Respuesta :
Using the discontinuity concept, it is found that:
There are asymptotes at [tex]x = \frac{3}{2}[/tex] and [tex]x = --\frac{1}{3}[/tex]
------------------------------------
A function is discontinuous at a point outside it's domain, and at these points in the graph there will be asymptotes.
------------------------------------
The given function is:
[tex]f(x) = \frac{x + 1}{6x^2 - 7x - 3}[/tex]

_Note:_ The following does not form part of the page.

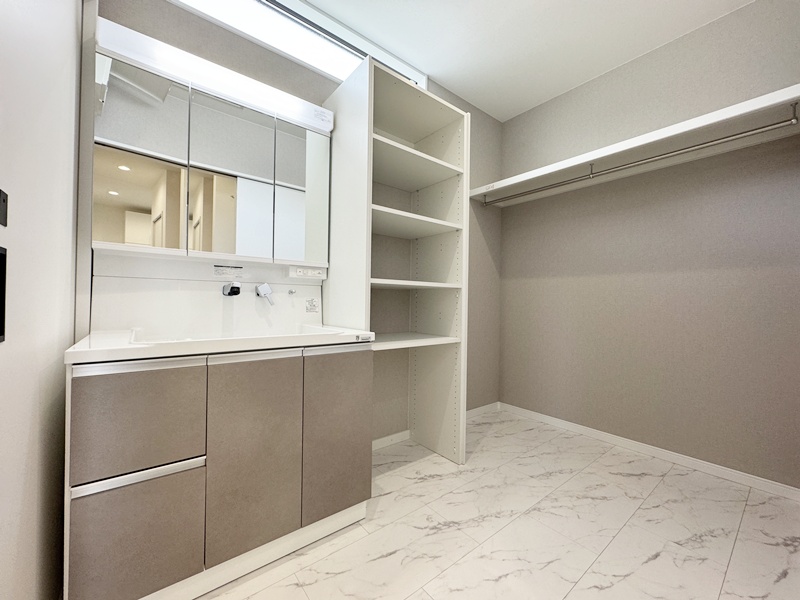 キッチンから脱衣室が近く、家事をしながら洗濯やお風呂準備もラクに。お子さまの様子を見守りながら動ける、子育て世代に嬉しい動線設計です。

It is a fraction, then the denominator cannot be zero, and the asymptotes will be at the values of x for which:
[tex]6x^2 - 7x - 3 = 0[/tex]
------------------------------------
Solving a quadratic equation:
Given a second order polynomial expressed by the following equation:
[tex]ax^{2} + bx + c, a\neq0[/tex].
This polynomial has roots [tex]x_{1}, x_{2}[/tex] such that [tex]ax^{2} + bx + c = a(x - x_{1})*(x - x_{2})[/tex], given by the following formulas:
[tex]x_{1} = \frac{-b + \sqrt{\Delta}}{2*a}[/tex]
[tex]x_{2} = \frac{-b - \sqrt{\Delta}}{2*a}[/tex]

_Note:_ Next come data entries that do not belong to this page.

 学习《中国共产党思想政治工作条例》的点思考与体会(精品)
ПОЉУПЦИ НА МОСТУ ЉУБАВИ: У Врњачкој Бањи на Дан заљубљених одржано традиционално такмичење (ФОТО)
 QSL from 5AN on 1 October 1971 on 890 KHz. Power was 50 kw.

[tex]\Delta = b^{2} - 4ac[/tex]
------------------------------------
For this equation, [tex]a = 6, b = -7, c = -3[/tex]. Thus:
[tex]\Delta = (-7)^{2} - 4(6)(-3) = 121[/tex]
[tex]x_{1} = \frac{-(-7) + \sqrt{121}}{2(6)} = \frac{18}{12} = \frac{3}{2}[/tex]
[tex]x_{2} = \frac{-(-7) - \sqrt{11}}{2(6)} = -\frac{4}{12} = -\frac{1}{3}[/tex]
Thus, there are asymptotes at [tex]x = \frac{3}{2}[/tex] and [tex]x = --\frac{1}{3}[/tex]
The graph of the function is given at the end of the answer.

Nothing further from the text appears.